In between pieces of investigation, Franki deals with a grandmother who is determined to marry off her “old maid” 29- year-old daughter and keeps sending the most loser men to date Franki. But Franki really cares for Bradley, who has issues of his own. She also encounters a voodoo priestess whose prophecies eerily seem to come true. And then there is Glenda, her landlady, once the premier stripper of New Orleans who has the most complete collection of stripper outfits ever.
This book is a fun ride throughout. I really enjoyed the creative characters drawn by Andrighetti, as well as the powerful women shown in the book. The women express their personal identity in unique and different ways. For example, the crazy but delightful Glenda creates stripping routines to symbolize the liberation of women and their freedom to use their sexuality as they desire.
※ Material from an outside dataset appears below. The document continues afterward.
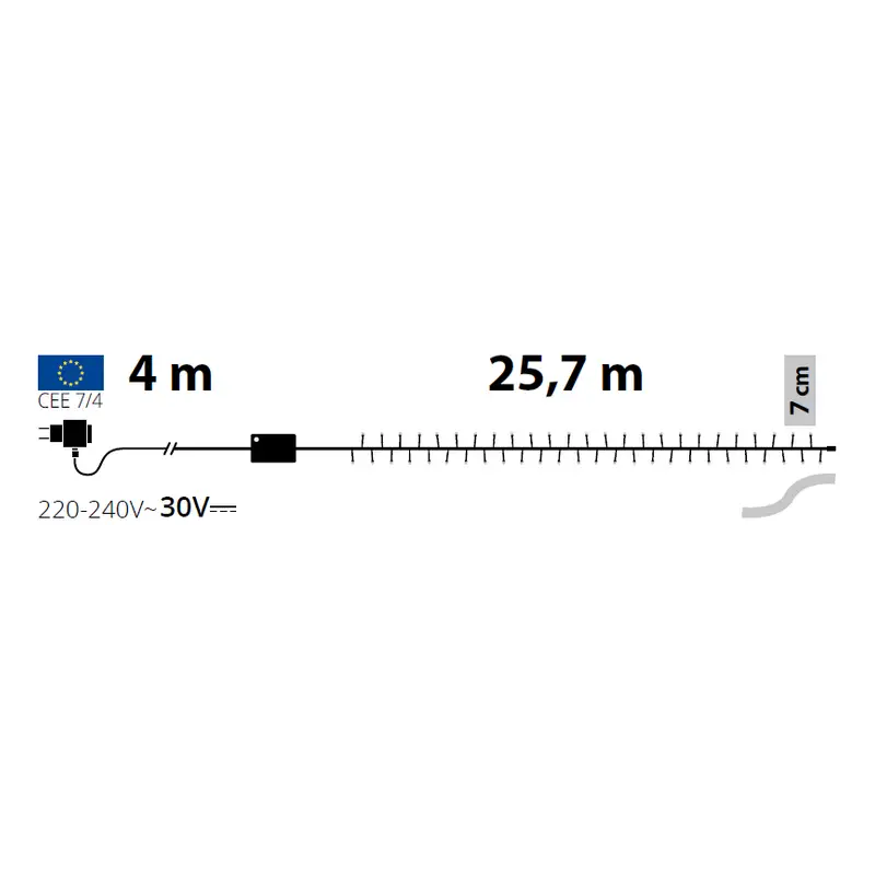 ### **Luci di Natale Lotti – Catena 360 MiniLED Bianco Freddo – Filo Trasparente da 25,7 Metri** Dona un tocco di **freschezza e modernità** ai tuoi spazi con la **catena luminosa Lotti da 25,7 metri**. Con 360 MiniLED bianco freddo, trasforma alberi, balconi, giardini o angoli della casa in ambienti eleganti e contemporanei. --- ### **Caratteristiche Principali:** * **360 MiniLED Ø3mm Reflex:** Diffondono una **luce bianco freddo cristallina**, perfetta per atmosfere moderne e luminose. * **Lunghezza Totale:** 25,7 metri di catena + 4 metri di cavo di alimentazione, ideale per decorazioni di medie dimensioni. * **Timer Memory Controller:** 8 giochi di luce selezionabili e timer On/Off da 8 a 16 ore per un’illuminazione personalizzata. * **Pulsante Luminoso:** Permette di disattivare facilmente il timer per un utilizzo pratico e immediato. * **Cavo Trasparente:** Installazione discreta che valorizza solo la brillantezza dei LED. * **Sicurezza Garantita:** Trasformatore a bassa tensione incluso per un utilizzo sicuro. * **Uso Esterno:** Resistente agli agenti atmosferici, perfetta per giardini, terrazze e balconi. * **Confezione Lusso:** Presentata in una scatola elegante (XKC Art. XLED TLG 360-C), ideale anche come regalo. --- ### **Vantaggi dell’Utilizzo:** * **Atmosfera Fresca e Moderna:** Il bianco freddo dei MiniLED crea ambienti eleganti e luminosi. * **Efficienza Energetica:** LED a basso consumo per un’illuminazione duratura e sostenibile. * **Decorazione Versatile:** Perfetta per alberi, balconi, giardini o qualsiasi spazio esterno o interno. * **Sicura e Resistente:** Ideale per resistere a pioggia, freddo e altre condizioni climatiche. * **Idea Regalo Elegante:** Confezione raffinata pronta da donare o utilizzare nelle decorazioni. --- ### **Consigli per l’Uso:** 1. Distribuisci uniformemente la catena per ottenere un effetto luminoso omogeneo. 2. Imposta il timer per accensione e spegnimento automatico, risparmiando energia. 3. Conserva la catena sulla bobina inclusa in luogo asciutto quando non in uso. --- ### **Perché Sceglierla:** La **Catena 360 MiniLED Bianco Freddo Lotti** è la scelta ideale per chi desidera **decorazioni luminose moderne, eleganti e sicure**. Con il timer programmabile, gli 8 giochi di luce e il filo trasparente, **porta un tocco di stile e freschezza in ogni ambiente**, rendendo le tue serate e feste davvero speciali. **Illumina i tuoi spazi con la luce cristallina dei MiniLED Lotti!**

Franki gains self-enlightment through the examples of the women she encounters in her job. One thing I found bothersome, though, is that she takes offense at Bradley and refuses to let him try to explain or make things right despite her obvious desire to be with him. And I also got annoyed at how much Franki binges on alcohol and junk food almost every night as her means of coping with life. She often doesn’t even have any recollection of anything from the night before.
I enjoyed the narration of Madeline Mrozek. She suits the style of the book in her voice and vocal inflections. She helps to bring to life the character of Franki, from whose perspective this book is told from the third person.
This book was a lot of fun, and I think the readers of Fangirl Nation are likely to enjoy the read, which transports us to New Orleans just before Mardi Gras. The flavors of the city as well as the personal interactions make things fun. I give this book four stars.
Disclaimer: I received this book for free by the author, but that in no way influenced my review.